Note (1) that 50,000 years is already older than any YEC concept of the age of the earth and (2) there are other deposits without detectable levels of carbon-14, and thus, even IF there are SOME young deposits of coal and oil, the evidence shows there are others which are even older than the dating limits.
Several years ago in a Yahoo groups forum, a creationist had posted/regurgitated the sea-sodium claim pointing out that it showed that the earth could be no older than several millions of years. After educating him on residence times (including aluminum's residence time of 100 years, which H. Morris had mentioned in passing and dismissed with a "huh, wonder what that could mean"), to which he admitted that this claim was wrong and that he shouldn't use it, I posed that same question to him: if your position is that the earth is only about 10,000 years old, then doesn't using a claim that the earth is several millions of years of just disprove your own position? His response was that it didn't matter at all to him if the earth were found to be millions of years old,
just so long as it isn't billions of years old like science says it is.
IOW, the creationist goal isn't to come up with the age of the earth or ages that are consistent with their pre-determined conclusion, but solely to
disprove science.
That exchange also provided me with a big "a-ha!". I also asked him why he kept using such lame and unconvincing arguments. He responded with, "you only find them unconvincing because
you are not already convinced." Aha!
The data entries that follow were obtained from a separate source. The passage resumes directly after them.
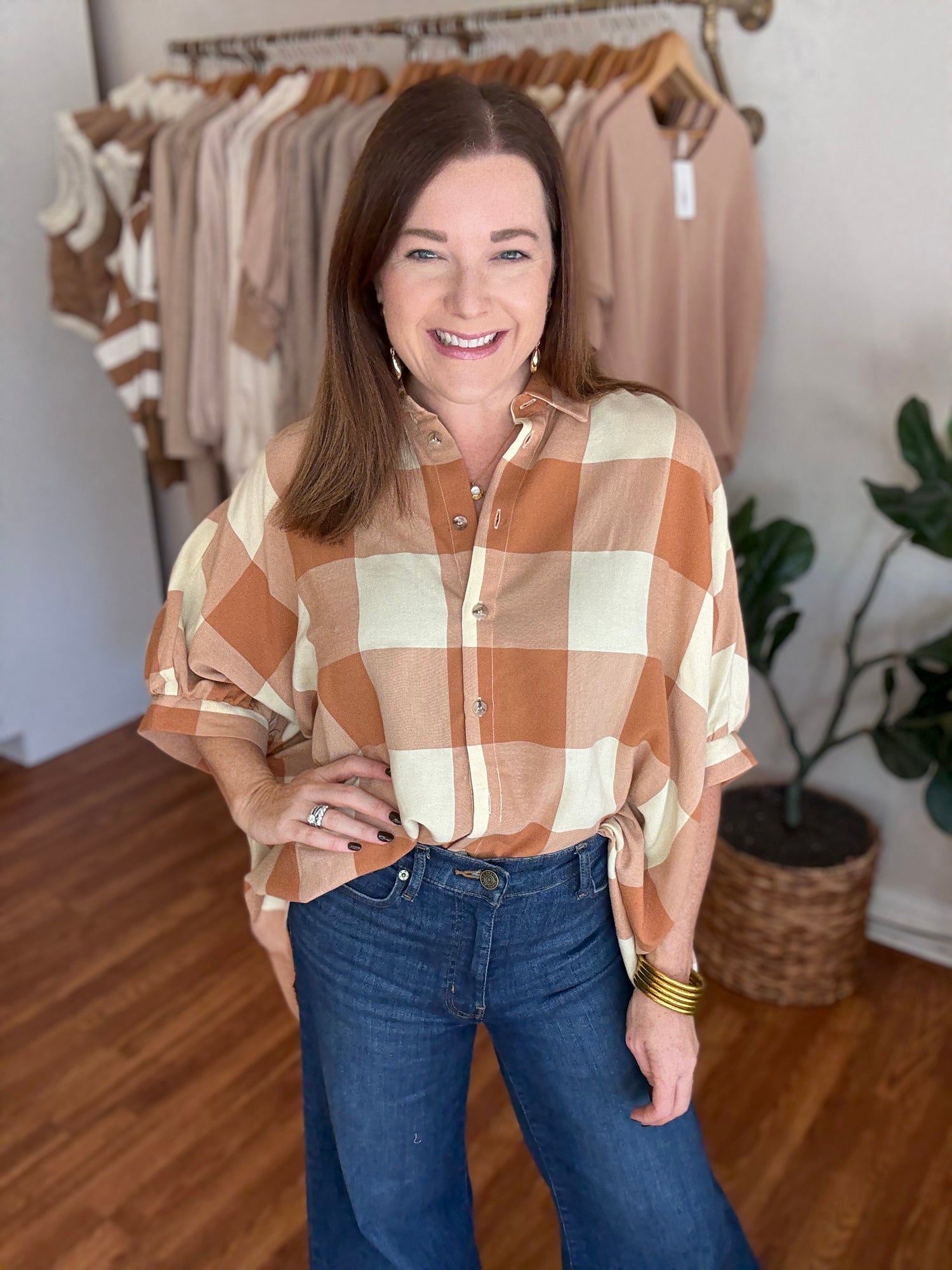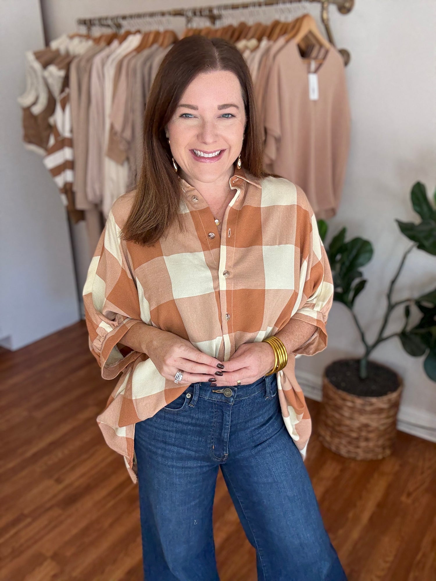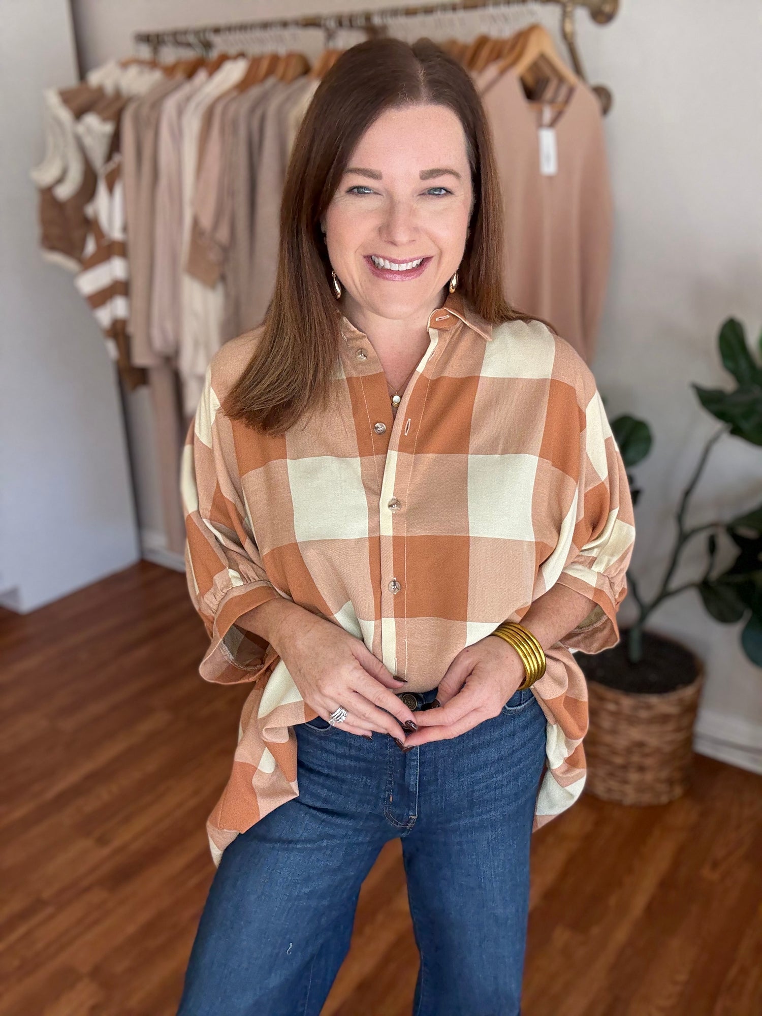 Introducing the All Up to You Top, the perfect blend of style and comfort! With its fall gingham pattern and oversized fit, this button up top allows you to make a statement while staying cozy. Step up your wardrobe and make it all up to you! These have not stretch and run generous in size. We recommend sizing down. Candace is 5’4”, size 6/8, bra 38c, and wearing a small/medium.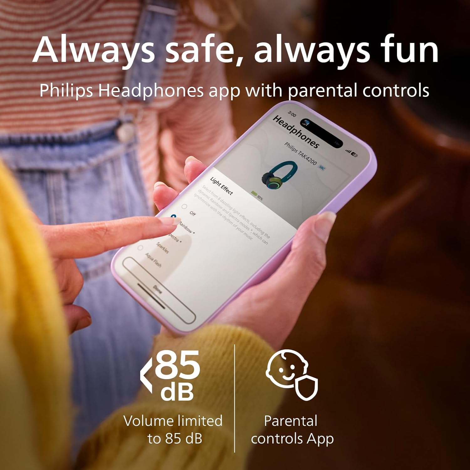 Designed with 85 dB volume limiting technology to help protect children’s hearing while they enjoy music, cartoons and educational content.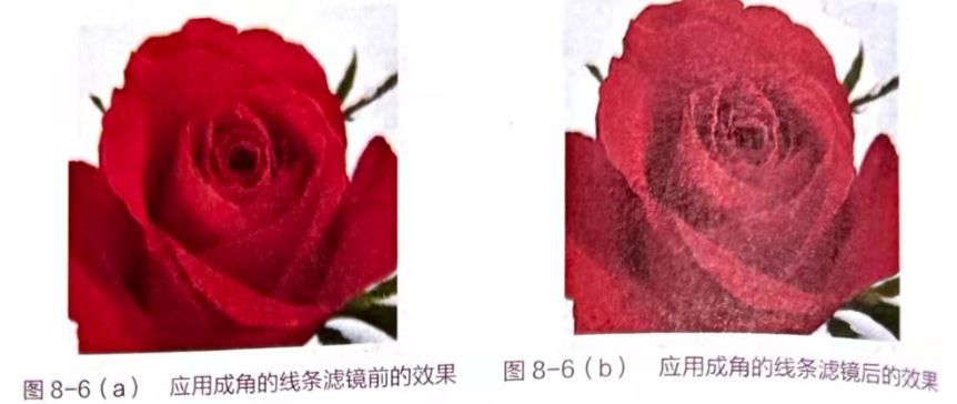成角的线条滤镜通过为图像产生交叉网线来模拟钢笔画素描效果。在滤镜参数设置中,通过调节方向平衡的值来控制两种交叉线的比例,当值大于 50 时,主要为 "|" 线条,小于 50 时,主要为 "\" 线条;线条长度值用来控制线条的长度;锐化程度值用来控制线条的锐利程度,值越小,线条的饱和度就越低,线条之间的反差就降低,图像就越模糊、柔和。运用成角的线条滤镜前后的不同效果如图 8-6 所示。

So the truth or validity of a creationist claim does not matter, but rather what really matters, the only thing that matters, is that
the claim sound convincing. And to whom especially must the claim sound convincing? To those who are already convinced: the creationists themselves.
Also, despite his having admitted that his sea-sodium claim was wrong, a month or two later I saw him still using it on somebody else. When I cut in to remind him of what he had admitted, he immediately left that discussion ... and I think also didn't post for a while. That taught more something about their ethics and tactics. Or did it just reenforce what I had already learned?